> _Extracted records_:
[Start of section]
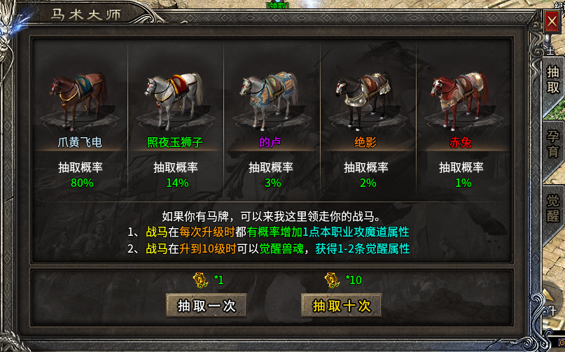 别看游戏里只有一个大陆,但庞大的世界观,让移动和战斗都需要一匹好坐骑。战马不光跑得快,打怪还能蹭经验,每次升级都有概率加本职业的攻魔道属性。升到10级的时候还会觉醒兽魂,获得一到两条觉醒属性。最顶级的赤兔还有机会获得双生兽魂,一匹马顶两匹马,跑得比你快,打怪还能给你加buff。马匹从低到高分为爪黄飞电、照夜玉狮子、的卢、绝影、赤兔,五匹同品质的马还能“孕育”成一匹更高品质的。
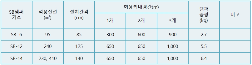 (2) 스톡크 브릿지 댐퍼 설치수량 및 간격은 표와 같으며 다음 개소에 설치한다.
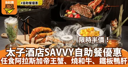 太子酒店SAVVY自助餐快閃5折!任食燒龍蝦、阿拉斯加帝王蟹、鐵板燒和牛
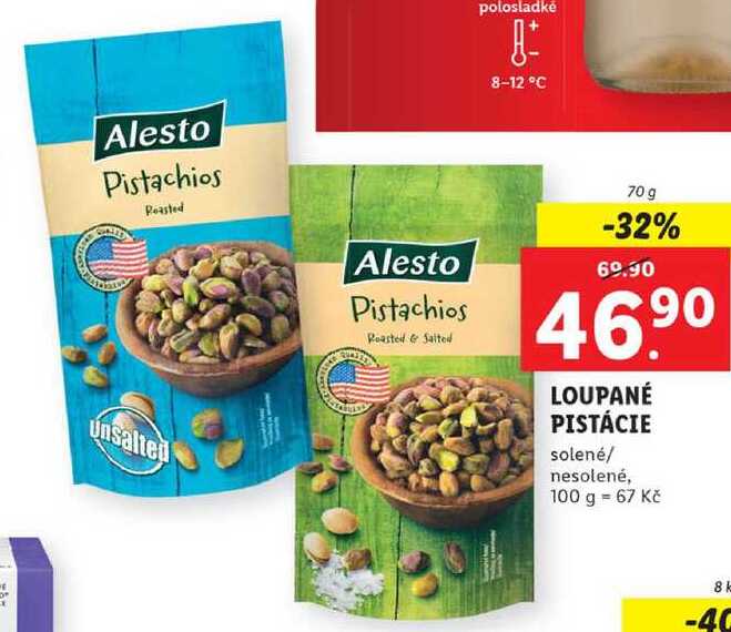 Aktuální slevu na LOUPANÉ PISTÁCIE solené/nesolené, 70 g zjistíte jednoduše nastavením Strážce slev .
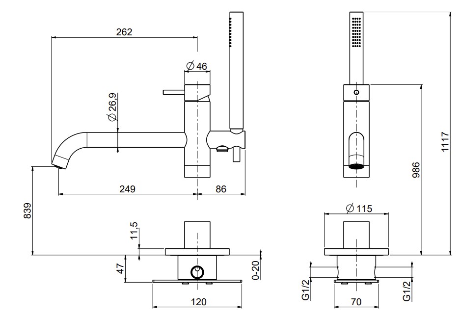 Смеситель для ванны QuadroDesign Source/Ottavo 1262AS/1
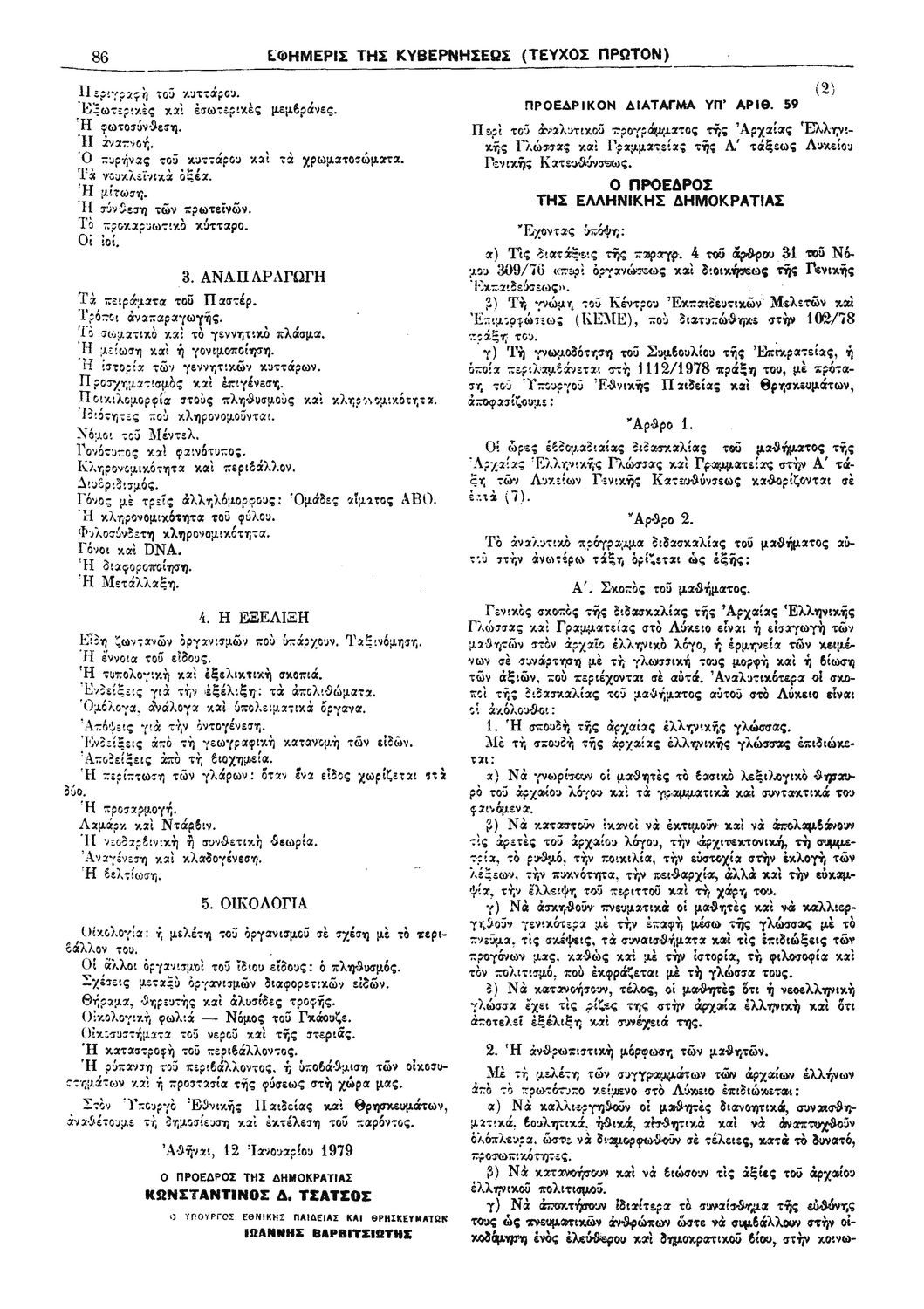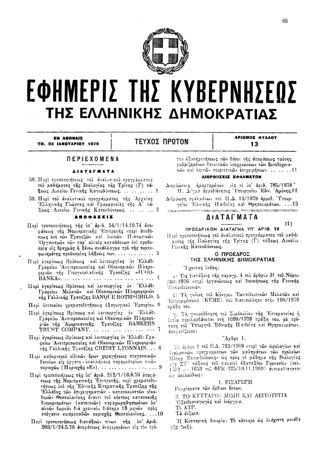 Π.Δ. 58 Περί τροποποιήσεως του αναλυτικού προγράμματος του μαθήματος της Βιολογίας της Τρίτης (Γ') τάξεως Λυκείου Γενικής Κατευθύνσεως.
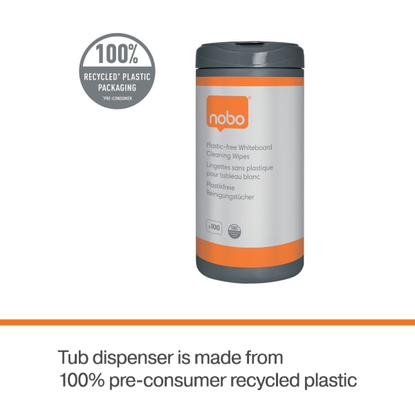 Disse rengjøringsserviettene for whiteboardtavler er ideelle for å holde tavlen i perfekt stand. Perfekt for kontorer, skoler og hjemmekontorer. Pakken inneholder 100 forhåndsfuktede, plastfrie våtservietter for daglig vedlikehold. Våtserviettene er tøffe mot smuss og skitt på alle whiteboard-overflater, og kommer i en dispenser laget av 100 % resirkulert husholdningsplast. Det letthengslede lokket sørger for rask tilgang og forhindrer uttørking, perforert kant på serviettene lar deg enkelt trekke av en og en serviett. For optimale resultater, bruk sammen med en Nobo pussekloss for å holde whiteboardtavlen i best mulig stnad. 100 servietter i en dispenser.
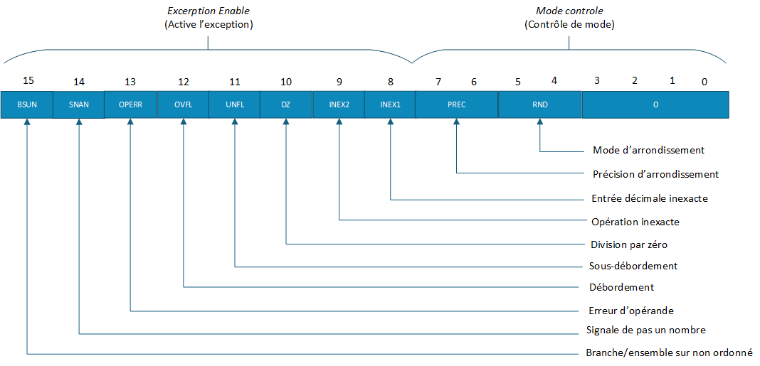 - Registre de contrôle à virgule flottante 16 bits (FPCR)
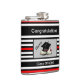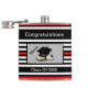The flask itself is fine. It’s a cheap flask, obviously bought in bulk, however am prepared to overlook that. Given that it is a personalized item, I would have liked to have seen gift boxing instead of the generic packaging. Terrible printing, and/or quality. It’s a cheap, tacky vinyl. It is not cut straight and is also applied in a way that it is overhanging the bottom, causing the glue to catch on items and it will eventually roll and tear, damaging the wrap.
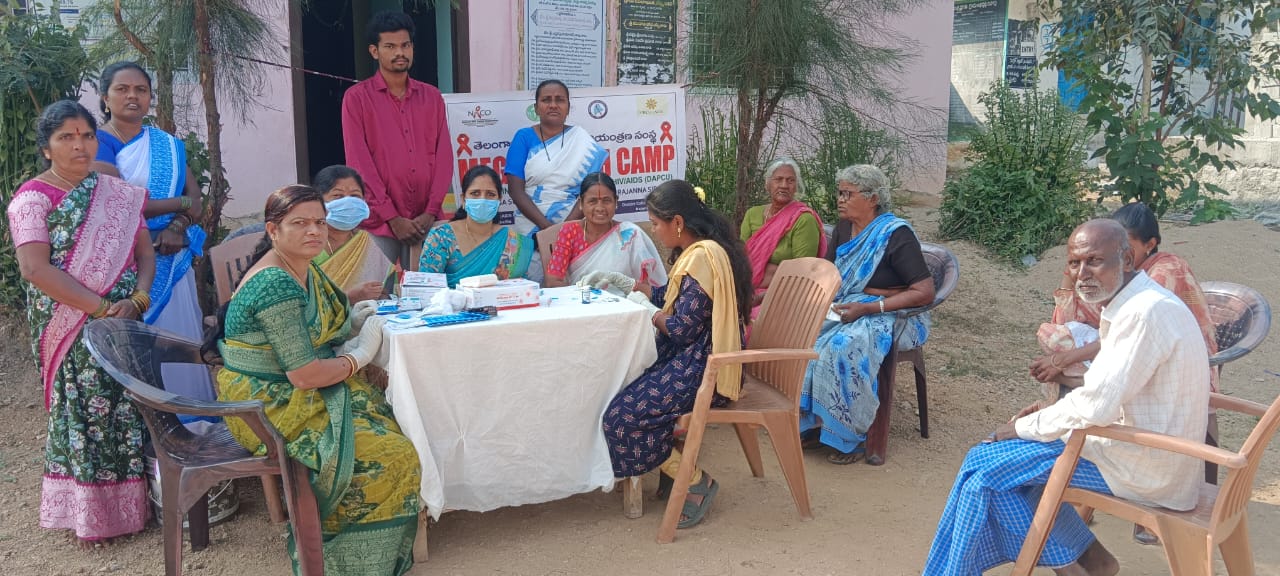 ప్రజలకు అందుబాటులోనే వైద్య సేవలు అందుతున్నాయని సర్పంచ్ మోర నిర్మల అన్నారు. మండలంలోని పద్మ నగర్ లో బుధవారం తెలంగాణ రాష్ట్ర ఎయిడ్స్ నియంత్రణ సంస్థ ఆదేశాల మేరకు రాజన్న సిరిసిల్ల జిల్లా వైద్య,ఆరోగ్యశాఖ సంపూర్ణ సురక్ష కేంద్ర జిల్లా ఆసుపత్రి సహకారంతో తంగళ్ళపల్లి ప్రాథమిక ఆరోగ్య కేంద్రం ఆధ్వర్యంలో మెగా హెల్త్ క్యాంపు నిర్వహించారు. గ్రామంలో ఉన్న దాదాపు 100కు పైగా గ్రామస్తులకు బీపీ, షుగరు, హెచ్ఐవి, సిఫిలిస్ హెపటైటిస్ బి, సి రక్త పరీక్షలు నిర్వహించారు. ఈ సందర్భంగా సర్పంచ్ మాట్లాడుతూ గ్రామాల్లో నివసిస్తున్న ప్రజలందరికీ వైద్య సేవలు అందుబాటులో ఉండేందుకే హెల్త్ క్యాంపులను గ్రామాల్లో ఏర్పాటు చేసి వైద్య సేవలు అందిస్తున్నారన్నారు. ప్రజలందరూ ఇలాంటి క్యాంపులను సద్వినియోగపరుచుకోవాలని సూచించారు. ఈ హెల్త్ క్యాంప్ ను మెడికల్ ఆఫీసర్, ఐ సి టి సి కౌన్సిలర్ గంగాధర్ పర్యవేక్షించారు. ఈ కార్యక్రమంలో పంచాయతీ సెక్రెటరీ ప్రశాంత్, పద్మ నగర్ ఏ ఎన్ ఎం జ్యోతి, సంపూర్ణ సురక్ష కేంద్ర మేనేజర్ సుష్మా, ఓ ఆర్ డబ్ల్యు లు రమ, అభిరామ్ ,ఆశా కార్యకర్తలు, పంచాయతీ సిబ్బంది గ్రామ ప్రజలు పాల్గొన్నారు
[End of section]
> _Assignment_: The data above needs to be retyped exactly, with the images left out.

> _Reply to the exercise_:
 别看游戏里只有一个大陆,但庞大的世界观,让移动和战斗都需要一匹好坐骑。战马不光跑得快,打怪还能蹭经验,每次升级都有概率加本职业的攻魔道属性。升到10级的时候还会觉醒兽魂,获得一到两条觉醒属性。最顶级的赤兔还有机会获得双生兽魂,一匹马顶两匹马,跑得比你快,打怪还能给你加buff。马匹从低到高分为爪黄飞电、照夜玉狮子、的卢、绝影、赤兔,五匹同品质的马还能“孕育”成一匹更高品质的。
 (2) 스톡크 브릿지 댐퍼 설치수량 및 간격은 표와 같으며 다음 개소에 설치한다.
 太子酒店SAVVY自助餐快閃5折!任食燒龍蝦、阿拉斯加帝王蟹、鐵板燒和牛
 Aktuální slevu na LOUPANÉ PISTÁCIE solené/nesolené, 70 g zjistíte jednoduše nastavením Strážce slev .
 Смеситель для ванны QuadroDesign Source/Ottavo 1262AS/1
 Π.Δ. 58 Περί τροποποιήσεως του αναλυτικού προγράμματος του μαθήματος της Βιολογίας της Τρίτης (Γ') τάξεως Λυκείου Γενικής Κατευθύνσεως.
 Disse rengjøringsserviettene for whiteboardtavler er ideelle for å holde tavlen i perfekt stand. Perfekt for kontorer, skoler og hjemmekontorer. Pakken inneholder 100 forhåndsfuktede, plastfrie våtservietter for daglig vedlikehold. Våtserviettene er tøffe mot smuss og skitt på alle whiteboard-overflater, og kommer i en dispenser laget av 100 % resirkulert husholdningsplast. Det letthengslede lokket sørger for rask tilgang og forhindrer uttørking, perforert kant på serviettene lar deg enkelt trekke av en og en serviett. For optimale resultater, bruk sammen med en Nobo pussekloss for å holde whiteboardtavlen i best mulig stnad. 100 servietter i en dispenser.
 - Registre de contrôle à virgule flottante 16 bits (FPCR)
The flask itself is fine. It’s a cheap flask, obviously bought in bulk, however am prepared to overlook that. Given that it is a personalized item, I would have liked to have seen gift boxing instead of the generic packaging. Terrible printing, and/or quality. It’s a cheap, tacky vinyl. It is not cut straight and is also applied in a way that it is overhanging the bottom, causing the glue to catch on items and it will eventually roll and tear, damaging the wrap.
 ప్రజలకు అందుబాటులోనే వైద్య సేవలు అందుతున్నాయని సర్పంచ్ మోర నిర్మల అన్నారు. మండలంలోని పద్మ నగర్ లో బుధవారం తెలంగాణ రాష్ట్ర ఎయిడ్స్ నియంత్రణ సంస్థ ఆదేశాల మేరకు రాజన్న సిరిసిల్ల జిల్లా వైద్య,ఆరోగ్యశాఖ సంపూర్ణ సురక్ష కేంద్ర జిల్లా ఆసుపత్రి సహకారంతో తంగళ్ళపల్లి ప్రాథమిక ఆరోగ్య కేంద్రం ఆధ్వర్యంలో మెగా హెల్త్ క్యాంపు నిర్వహించారు. గ్రామంలో ఉన్న దాదాపు 100కు పైగా గ్రామస్తులకు బీపీ, షుగరు, హెచ్ఐవి, సిఫిలిస్ హెపటైటిస్ బి, సి రక్త పరీక్షలు నిర్వహించారు. ఈ సందర్భంగా సర్పంచ్ మాట్లాడుతూ గ్రామాల్లో నివసిస్తున్న ప్రజలందరికీ వైద్య సేవలు అందుబాటులో ఉండేందుకే హెల్త్ క్యాంపులను గ్రామాల్లో ఏర్పాటు చేసి వైద్య సేవలు అందిస్తున్నారన్నారు. ప్రజలందరూ ఇలాంటి క్యాంపులను సద్వినియోగపరుచుకోవాలని సూచించారు. ఈ హెల్త్ క్యాంప్ ను మెడికల్ ఆఫీసర్, ఐ సి టి సి కౌన్సిలర్ గంగాధర్ పర్యవేక్షించారు. ఈ కార్యక్రమంలో పంచాయతీ సెక్రెటరీ ప్రశాంత్, పద్మ నగర్ ఏ ఎన్ ఎం జ్యోతి, సంపూర్ణ సురక్ష కేంద్ర మేనేజర్ సుష్మా, ఓ ఆర్ డబ్ల్యు లు రమ, అభిరామ్ ,ఆశా కార్యకర్తలు, పంచాయతీ సిబ్బంది గ్రామ ప్రజలు పాల్గొన్నారు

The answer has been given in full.